Overwintered hives have already began storing nectar in the honey supers. This year's new package hives have not yet reached a population large enough to generate a surplus for the honey supers.
Overwintered hives, of medium to strong strength, should definitely have a honey super installed at this point. Check the supers weekly and be ready to add another super when the first super is 60% filled. At this time you do not want the bees to begin storing nectar in the brood nest area if the honey super gets filled. This will cut down on the places for the queen to lay and may promote an urge to swarm.
Some beekeepers recommend what is called "bottom supering". In this technique the new empty honey super is installed underneath the partially filled first honey super. The claim is that this method motivates the bees to gather more nectar. "Bottom supering" requires more work of the beekeeper because he/she must remove the heavy partially super to install the empty super underneath. I have seen no scientifically gathered data to support this claim. Like most things involved with beekeeping there are varied opinions about "bottom supering".
Today I was out checking some of my new package hives. One hive was lagging behind the others. Although there were several frames of capped brood there was no uncapped brood or eggs present. A more detailed search showed my hive was queenless. I took immediate action to install a new queen.
A hive without a queen is in trouble. This is a lesson usually learned by hard knocks by new beekeepers. For this reason it is recommended for beekeepers to inspect their hives every other week. The inspection is intended to verify that there are eggs and brood present.
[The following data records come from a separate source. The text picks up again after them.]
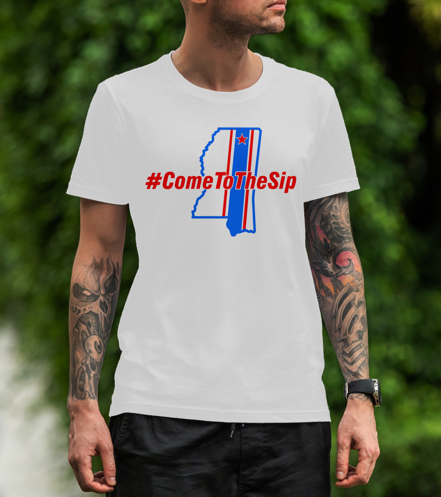 ComeToTheSip Mississippi Map Blue Red Star T-Shirt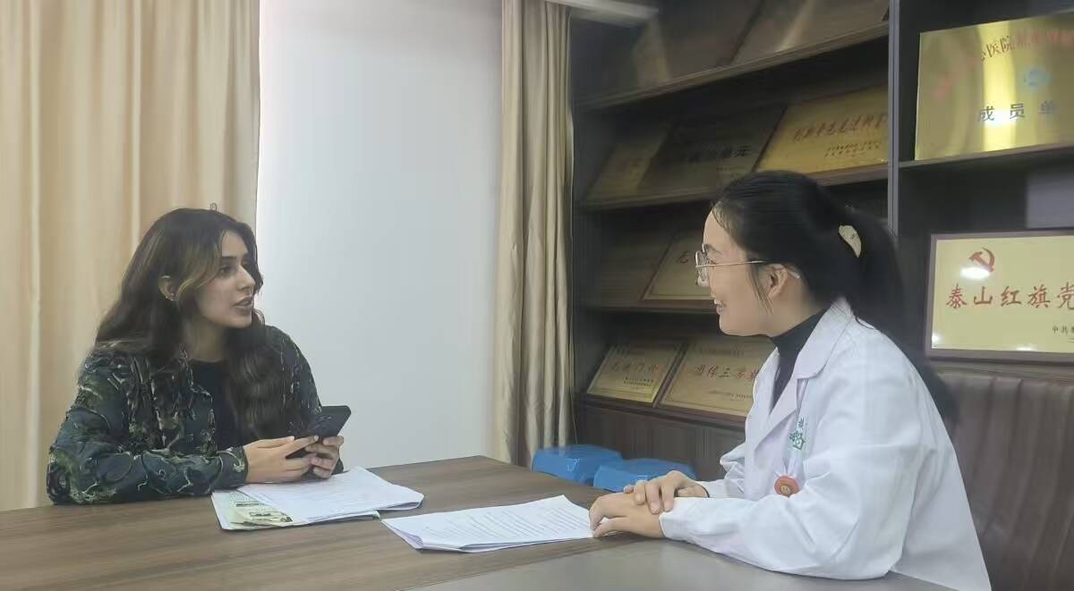 为深入学习贯彻习近平主席关于建设健康中国的重要论述,让来华留学生深入了解中国基层卫生健康服务体系,实地感受中国特色卫生与健康发展道路的基层实践,3月19日,国际教育学院组织校(院)来华留学生赴泰山区徐家楼街道社区卫生服务中心开展专题调研活动。来自摩洛哥、坦桑尼亚、乌干达、巴基斯坦、伊朗等国的18名留学生通过实地参观、健康宣教、人员访谈等形式,沉浸式体验中国基层医疗卫生服务,深入了解卫生健康的“中国方案”。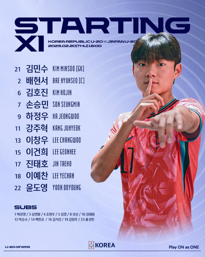 이창원 감독이 이끄는 대한민국 U-20 대표팀은 20일(한국시간) 중국 선전의 유소년 축구 트레이닝 베이스 1경기장에서 열린 일본 U-20 대표팀과의 2025 아시아축구연맹(AFC) U-20 아시안컵 조별리그 D조 3차전 전반전을 0-1로 마쳤다.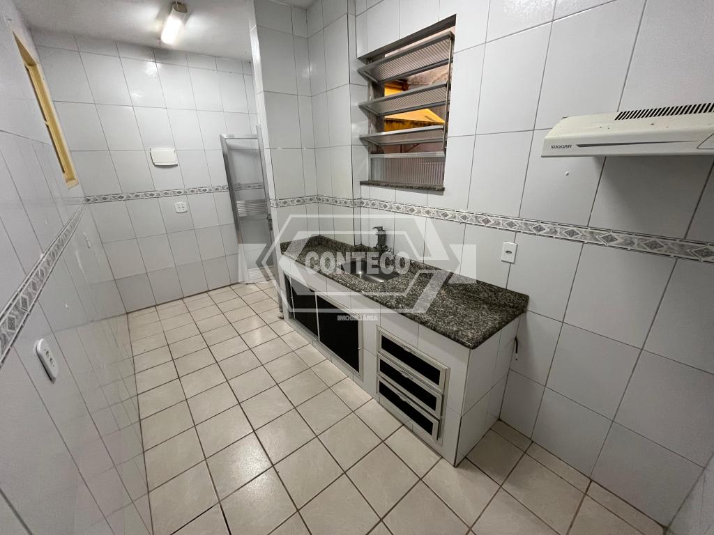 O imóvel, situado no primeiro andar, oferece uma sala espaçosa e aconchegante, ideal para momentos de descanso ou para receber visitas. A cozinha é integrada à área de serviço, garantindo funcionalidade no dia a dia, com um espaço prático para as atividades domésticas.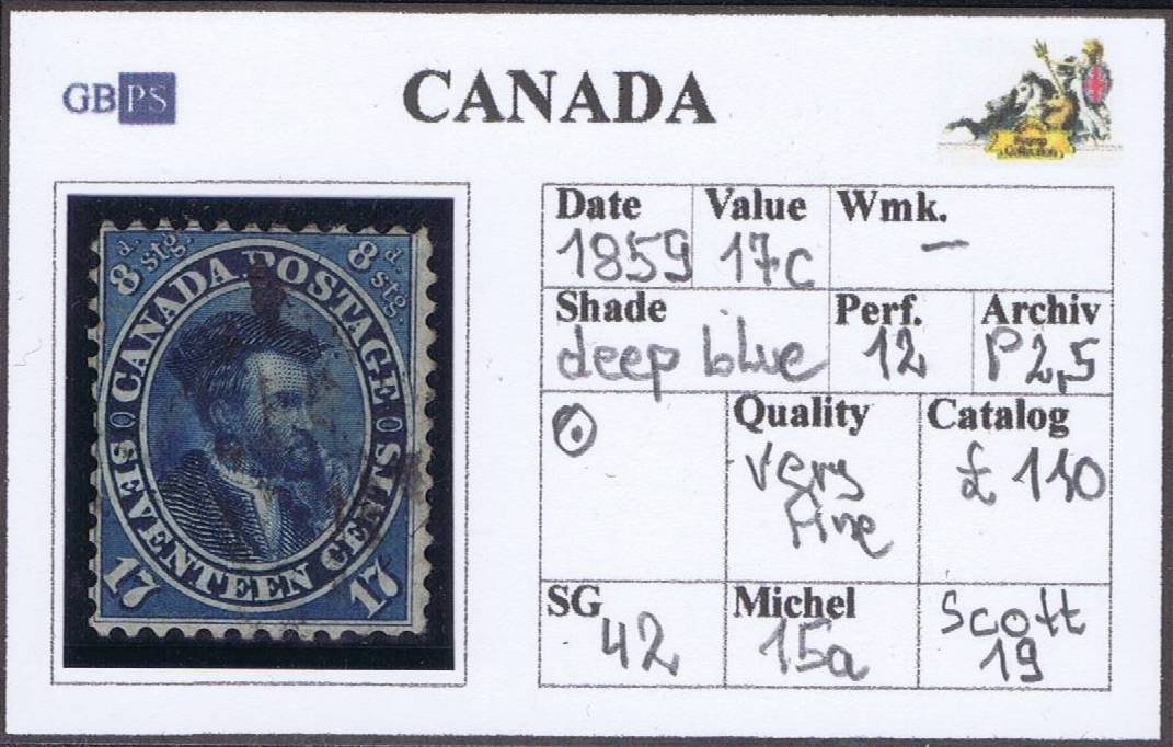 CANADA 1859 SG42 17c deep blue WX P12 A1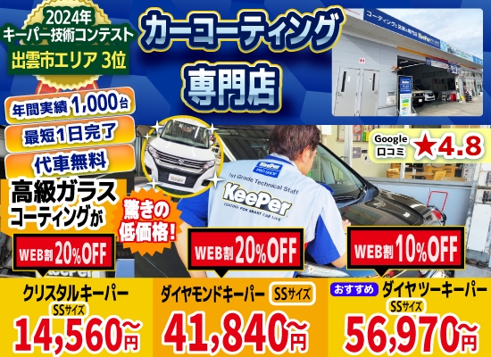 私達キーパープロショップは、島根・出雲市・雲南市エリアのカーコーティング専門店として、日本ダントツのカーコーティングブランド、キーパーの正規代理店として認定を受けております!

If these are present they allow the beekeeper to assess the condition of the queen even if they are not skilled enough to readily find her. A hive with eggs, uncapped brood and capped brood is termed to be "queenright".
If you see eggs you know in the worst case the queen was present as little as 4 days previous. If you see pearly white uncapped brood you know as a minimum that the queen was present at least 9 days previously. Capped brood is an indication she was present at least 21 days previously.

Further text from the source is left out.